His first taste of competition was in a Ford Cortina GT, purchased new in 1969, and he soon "pounded the wheels square, destroyed the car" while competing in rallies.

In 1971, he decided to go road racing instead with a Lotus 7 America powered by a 948-cc Sprite engine. But after three seasons of "racing on a shoestring," he sold the car and brought to an end that chapter in his life.

His interest in racing was rekindled when he "made the colossal mistake" of attending the Vintage Automobile Racing Association of Canada's racing festival in 2003. "The junk was back in my veins again," he laughs.

In 2004, he acquired a 1972 Mallock Mk IIB, a purpose-built racer produced in England and powered by a 1.6-litre, 173-hp Ford cross-flow four. He ran some Solo 1 events "to get back in the groove" and began racing again in 2005.

Last year, he added a potent 1986 Tiga SC86 mid-engined sports racer equipped with a 2.0-litre, 150-hp Ford Pinto engine.

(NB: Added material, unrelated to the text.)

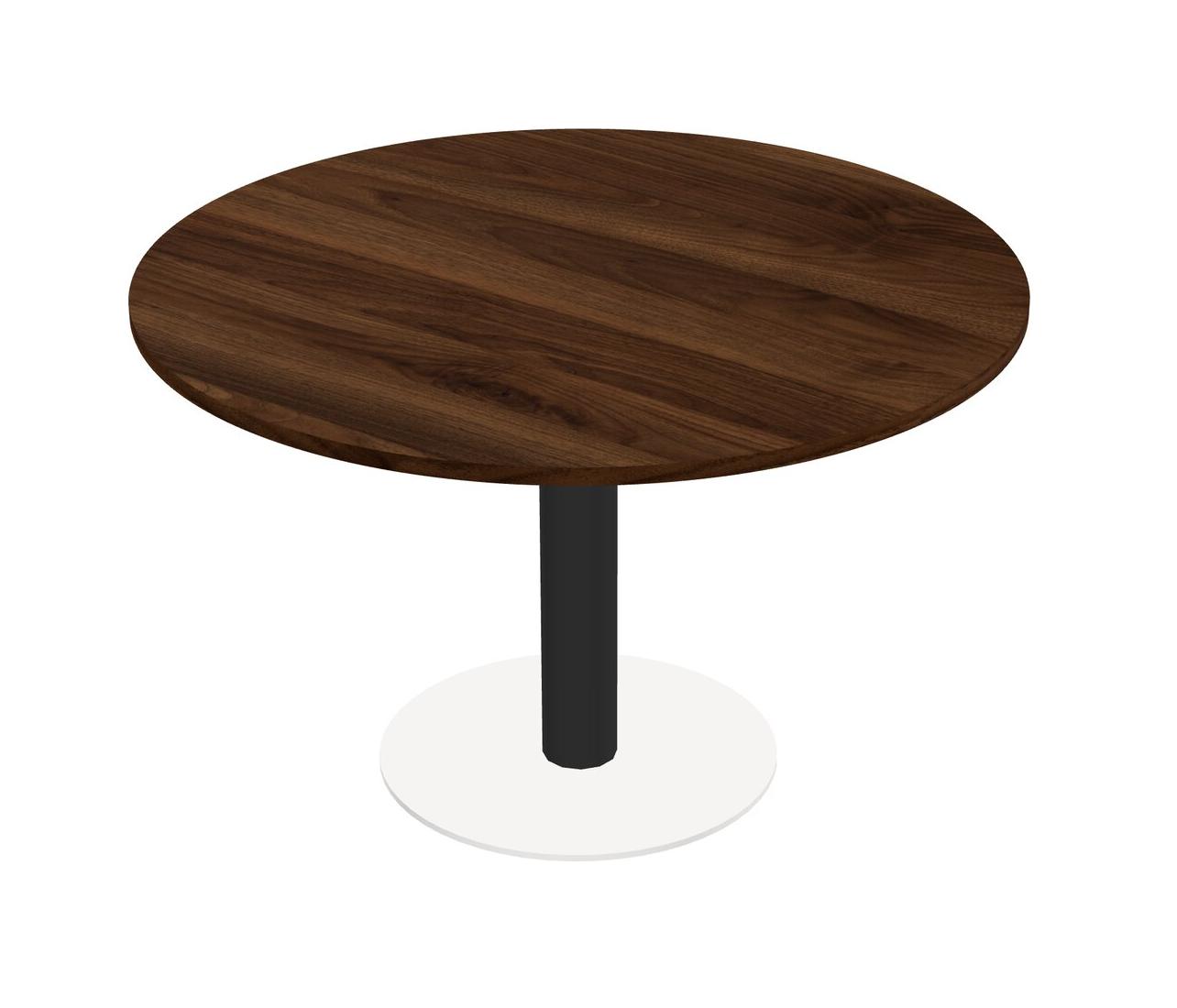 Table Modulaire Pour Bureau, Restaurant, Cafétéria, Salle De Pause Et Service De Restauration, Avec Plateau En Noyer De Colombie, Pieds Ronds Noirs Et Base Ronde Blanche
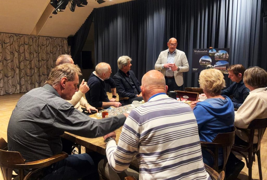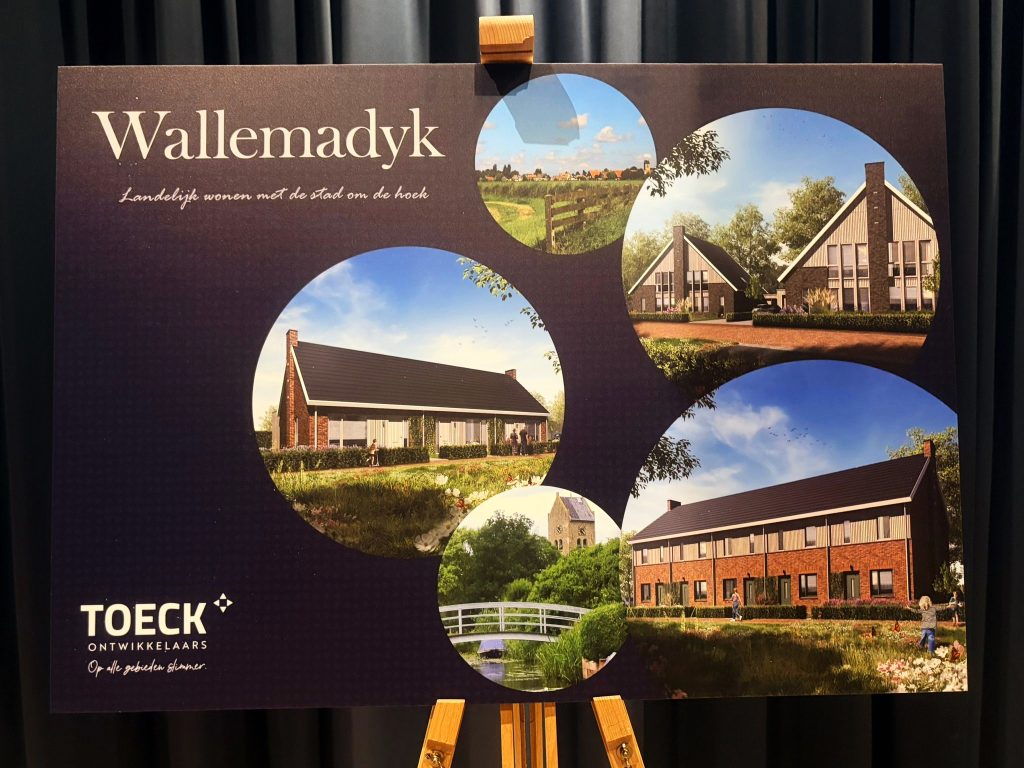 Dennis Heins van Toeck Ontwikkelaars, Burgum gaf vervolgens een toelichting op het door Toeck gemaakte ontwerp voor 17 woningen die aan de Wallemadyk gebouwd zullen worden. Dit ontwerp biedt mogelijkheden voor zowel jongeren als ouderen. Daarnaast komen er ook een aantal twee onder één kap woningen voor gezinnen.

Despite having the lowest power of all his cars, he says the Tiga is nevertheless the fastest. "Downforce is an amazing thing," he says of the high-tech aerodynamics that glue the car to the track.

But the rather primitive and now quite elderly Mustang's thundering V-8 and tossable handling obviously still exert considerable charm, too.

"I tell people, 'Everybody needs a 45-year-old race car,'" says Thomas.